Bids reportedly include £50m from recruitment firm Staffline.

NHS workers have slammed the prospect of further NHS privatisation.

“This is utterly ludicrous,” said anaesthetist Tim Martindale on Twitter. “NHSP is a great organisation which is designed to save on expensive agency fees.”

Sarah Holmes MBE, a nurse and midwife, said it was “yet another example of profit being made exploiting scarce NHS resources and people”. She added: “This is awful.”

Dr Shweta Gidwani said: “This is disastrous!”

Others urged staff registered with the agency to withdraw their services after the sale.

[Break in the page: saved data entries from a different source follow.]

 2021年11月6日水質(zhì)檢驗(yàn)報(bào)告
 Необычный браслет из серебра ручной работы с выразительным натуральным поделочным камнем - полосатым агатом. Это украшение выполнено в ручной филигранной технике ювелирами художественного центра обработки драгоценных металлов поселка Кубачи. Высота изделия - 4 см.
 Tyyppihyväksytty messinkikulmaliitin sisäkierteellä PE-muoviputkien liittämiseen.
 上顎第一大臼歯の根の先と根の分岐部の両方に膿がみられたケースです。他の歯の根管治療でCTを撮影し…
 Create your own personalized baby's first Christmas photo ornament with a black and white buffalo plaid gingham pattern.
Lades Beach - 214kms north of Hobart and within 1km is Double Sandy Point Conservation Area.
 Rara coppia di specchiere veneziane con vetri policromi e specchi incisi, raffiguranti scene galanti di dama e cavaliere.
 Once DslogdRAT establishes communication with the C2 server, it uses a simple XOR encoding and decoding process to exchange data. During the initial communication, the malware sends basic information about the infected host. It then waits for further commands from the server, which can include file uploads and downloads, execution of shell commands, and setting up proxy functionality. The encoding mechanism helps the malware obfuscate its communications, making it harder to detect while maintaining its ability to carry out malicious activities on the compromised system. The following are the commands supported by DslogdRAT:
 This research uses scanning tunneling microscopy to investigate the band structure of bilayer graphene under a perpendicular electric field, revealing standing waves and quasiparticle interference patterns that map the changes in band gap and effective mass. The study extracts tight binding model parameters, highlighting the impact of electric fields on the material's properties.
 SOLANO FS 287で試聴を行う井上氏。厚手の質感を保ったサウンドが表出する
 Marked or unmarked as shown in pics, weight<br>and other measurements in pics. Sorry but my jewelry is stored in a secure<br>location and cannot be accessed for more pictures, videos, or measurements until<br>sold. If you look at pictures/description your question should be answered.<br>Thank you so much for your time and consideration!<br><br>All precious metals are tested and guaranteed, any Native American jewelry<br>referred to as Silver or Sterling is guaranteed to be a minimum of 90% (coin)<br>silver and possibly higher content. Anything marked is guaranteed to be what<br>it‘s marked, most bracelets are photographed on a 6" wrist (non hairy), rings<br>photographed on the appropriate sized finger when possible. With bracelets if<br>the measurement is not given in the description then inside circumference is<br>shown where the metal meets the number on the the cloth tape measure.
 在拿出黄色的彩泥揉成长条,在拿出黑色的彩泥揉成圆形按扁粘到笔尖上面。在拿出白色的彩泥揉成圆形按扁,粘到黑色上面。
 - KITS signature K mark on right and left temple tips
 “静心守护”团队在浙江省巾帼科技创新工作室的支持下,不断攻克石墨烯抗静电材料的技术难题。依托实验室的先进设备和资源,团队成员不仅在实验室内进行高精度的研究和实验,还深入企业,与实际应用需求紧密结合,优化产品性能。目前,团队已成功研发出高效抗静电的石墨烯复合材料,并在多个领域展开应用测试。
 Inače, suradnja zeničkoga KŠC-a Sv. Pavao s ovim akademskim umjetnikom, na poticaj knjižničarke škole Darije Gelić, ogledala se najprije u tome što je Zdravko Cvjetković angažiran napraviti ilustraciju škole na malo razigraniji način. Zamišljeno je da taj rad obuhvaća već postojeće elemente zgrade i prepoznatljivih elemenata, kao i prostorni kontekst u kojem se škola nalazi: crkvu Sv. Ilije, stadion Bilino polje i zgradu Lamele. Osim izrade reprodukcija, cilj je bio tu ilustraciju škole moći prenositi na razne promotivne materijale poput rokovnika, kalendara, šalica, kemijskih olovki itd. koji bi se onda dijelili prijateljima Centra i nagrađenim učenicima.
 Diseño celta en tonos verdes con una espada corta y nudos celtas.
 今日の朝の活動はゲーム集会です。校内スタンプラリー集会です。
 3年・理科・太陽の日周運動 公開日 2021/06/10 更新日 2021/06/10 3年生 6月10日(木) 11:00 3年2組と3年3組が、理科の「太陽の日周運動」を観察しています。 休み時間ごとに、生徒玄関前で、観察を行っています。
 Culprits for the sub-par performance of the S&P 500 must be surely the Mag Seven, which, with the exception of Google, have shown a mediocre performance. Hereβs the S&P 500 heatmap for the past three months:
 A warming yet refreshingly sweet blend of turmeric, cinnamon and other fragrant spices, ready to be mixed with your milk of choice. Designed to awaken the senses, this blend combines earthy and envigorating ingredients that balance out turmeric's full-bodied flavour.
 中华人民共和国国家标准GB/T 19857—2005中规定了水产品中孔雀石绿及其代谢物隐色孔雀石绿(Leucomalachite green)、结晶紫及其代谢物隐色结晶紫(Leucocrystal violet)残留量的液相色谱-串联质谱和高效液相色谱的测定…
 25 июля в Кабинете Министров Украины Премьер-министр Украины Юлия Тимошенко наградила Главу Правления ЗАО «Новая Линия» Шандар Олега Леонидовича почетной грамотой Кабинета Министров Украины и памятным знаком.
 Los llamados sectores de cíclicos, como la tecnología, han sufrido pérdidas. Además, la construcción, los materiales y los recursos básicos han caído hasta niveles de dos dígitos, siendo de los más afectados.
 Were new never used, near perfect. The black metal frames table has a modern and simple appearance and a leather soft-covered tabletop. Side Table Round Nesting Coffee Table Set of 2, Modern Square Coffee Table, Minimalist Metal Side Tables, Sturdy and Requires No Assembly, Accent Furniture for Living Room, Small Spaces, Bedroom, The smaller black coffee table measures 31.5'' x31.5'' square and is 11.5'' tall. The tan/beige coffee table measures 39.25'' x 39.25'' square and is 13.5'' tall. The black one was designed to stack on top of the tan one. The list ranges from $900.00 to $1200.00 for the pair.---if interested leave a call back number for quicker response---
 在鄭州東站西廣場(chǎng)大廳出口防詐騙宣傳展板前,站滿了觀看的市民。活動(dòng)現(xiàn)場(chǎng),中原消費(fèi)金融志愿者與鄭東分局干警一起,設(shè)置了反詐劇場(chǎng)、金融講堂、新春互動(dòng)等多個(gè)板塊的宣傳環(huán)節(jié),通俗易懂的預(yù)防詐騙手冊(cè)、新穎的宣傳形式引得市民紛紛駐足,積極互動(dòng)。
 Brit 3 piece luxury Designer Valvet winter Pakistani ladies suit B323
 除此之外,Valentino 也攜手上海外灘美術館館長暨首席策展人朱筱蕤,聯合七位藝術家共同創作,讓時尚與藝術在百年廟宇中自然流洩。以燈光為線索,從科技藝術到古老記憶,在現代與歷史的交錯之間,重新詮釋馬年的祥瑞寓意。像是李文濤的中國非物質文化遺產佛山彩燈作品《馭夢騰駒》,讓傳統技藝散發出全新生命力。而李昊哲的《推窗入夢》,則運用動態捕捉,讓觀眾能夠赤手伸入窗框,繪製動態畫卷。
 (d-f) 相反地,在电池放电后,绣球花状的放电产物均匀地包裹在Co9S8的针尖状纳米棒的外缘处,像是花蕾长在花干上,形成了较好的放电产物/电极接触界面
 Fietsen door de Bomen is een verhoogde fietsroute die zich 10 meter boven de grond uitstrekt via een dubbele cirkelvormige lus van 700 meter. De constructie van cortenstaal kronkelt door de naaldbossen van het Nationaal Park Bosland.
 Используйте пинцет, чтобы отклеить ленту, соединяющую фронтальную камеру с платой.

Last November, Philip Dunne, Minister of State for Health, said the deal was necessary to create investment and bring in expertise.

“The Company is in a prime position to respond to the NHS’s need for more cost effective and better planned temporary staffing,” Mr Dunne said.

“It currently saves the NHS approximately £70 million a year by supplying bank staff to hospitals which are more affordable than those staff supplied by expensive agencies.

“We want to see the Company take advantage of this opportunity to expand its business, acting as a true alternative to expensive agencies. But the Company cannot do this without substantial investment to improve the services it offers.”